Bottom line: Tesla’s announcement that its China plant is three years away puts a clear and realistic timeline on its intentions, which include strong growth in the market banking on supportive policies by Beijing.
Anyone who was hoping that electric car superstar Tesla (Nasdaq: TSLA) would start cranking out its products in China anytime soon will have to think again. Founder and celebrity CEO Elon Musk has poured cold water on all the speculation about his company imminently building a China manufacturing base by saying local production is at least 3 years off. That’s just a single data point, but it’s quite a significant one considering all the talk that’s been swirling around these days.
That talk dates back a couple of years, when reports first emerged that Tesla was interested in such a move. One of the stumbling blocks all along has been the ownership issue, since China now limits foreign ownership of any car-making joint venture to 50 percent. But that looks set to change, which had fueled speculation that Tesla would step on the gas pedal once it got the green light, pardon all the car metaphors.
We’ll look more closely in a moment at the bigger picture in China’s new energy car market and why many were guessing that Tesla could be stepping on the accelerator to make its cars here soon. But first let’s jump to the actual news, which has Musk simply saying on Tesla’s latest earnings call that his company is about three years away from making its electric cars in the world’s largest auto market. (English article)
Musk’s remarks were obviously calculated, though he didn’t give much detail beyond the date, which would put the first output sometime in 2020. He did say the plant would make about 200,000 vehicles per year, mostly for buyers in China but also in other Asian markets. His remarks are further validation that Tesla has pretty much set its sights on building a plant in China, though of course there’s always the chance such a deal could collapse.
The big backstory here is that Tesla is one of the few relative success stories here in China among electric car makers, and that Beijing is aggressively promoting new energy cars as part of its plan to phase out traditional gas-powered cars in the not-too-distant future. At the same time, China is already the world’s largest auto market, meaning that as Beijing steps on the pedal to phase out gas-powered cars, Tesla will be in a sweet spot to take a big slice of the local market.
Lots of Talk
Reports have popped up a few times already this year on Tesla’s intentions, and the theme is largely the same. They all say that Tesla is reportedly in advanced talks for a factory in Shanghai, quite possibly its Free Trade Zone, for a venture that it would either own completely or at the very least in which it would take a comfortable controlling stake.

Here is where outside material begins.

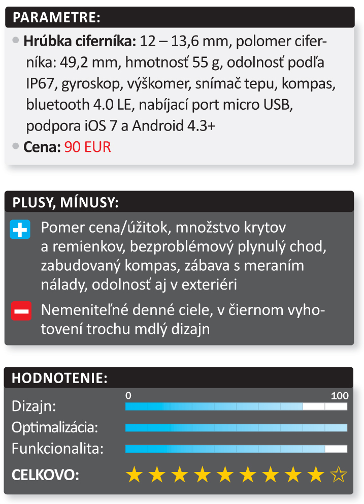 Orientácia v menu je veľmi jednoduchá, bezproblémová a najviac sme sa zaujímali o aplikáciu monitorujúcu denné aktivity. Zaznamenáva počet prejdených krokov, spálené kalórie, prejdenú vzdialenosť v kilometroch, vašu aktivitu za poslednú hodinu a dĺžku vášho spánku. Znamená to, že hodinky nemusíte odkladať ani v noci, ak chcete mať prehľad o tom, ako dlho a v ktorej časti dňa ste spali. Trochu zamrzí, že denné ciele sú v tomto prípade striktne dané a nemožno ich používateľsky upravovať podľa svojich fyzických možností. Okrem toho možno na požiadanie skontrolovať váš aktuálny srdcový tep, a ak v smartfóne povolíte lokalizačné služby, budete môcť v hodinkách kontrolovať aj predpoveď počasia.

That takes us to the point I raised earlier, namely that current Chinese law doesn’t allow a foreign company to hold a controlling stake in local car-making joint ventures. But Beijing is reportedly set to change that because it really wants to promote the technology and knows that most foreign companies won’t want to play ball if they have to work with a controlling Chinese partner. (English article)
The other piece of the puzzle is that China is rolling out tough new rules in 2019 that will force all car makers to record roughly 10 percent of their sales as new energy vehicles each year. (English article) That’s going to be quite tough for big foreign brands that currently sell no such vehicles, and all are setting up joint ventures now with local EV makers. But those foreign brands will also be allowed to buy excess credits from pure-play EV makers like Tesla, though I believe such credits would have to come from companies that sell domestically-made vehicles.
That condition was what was leading many to speculate that Tesla would want to quickly set up a domestic production plan, which would allow it not only to sell its own cars but also profit by selling excess credits to other traditional car makers that couldn’t meet their quotas under the new system.
I’m slightly surprised at Musk’s conservative estimate, as he’s typically quite bullish and aggressive. But such an approach has gotten him into trouble in the past, most notably when he predicated big China sales in Tesla’s early days and then ended up badly missing that forecast. Accordingly, I have to commend him for coming to realize that China is a complex place where things often happen slowly, and adopting a more realistic and probably accurate view about what he can achieve in the market.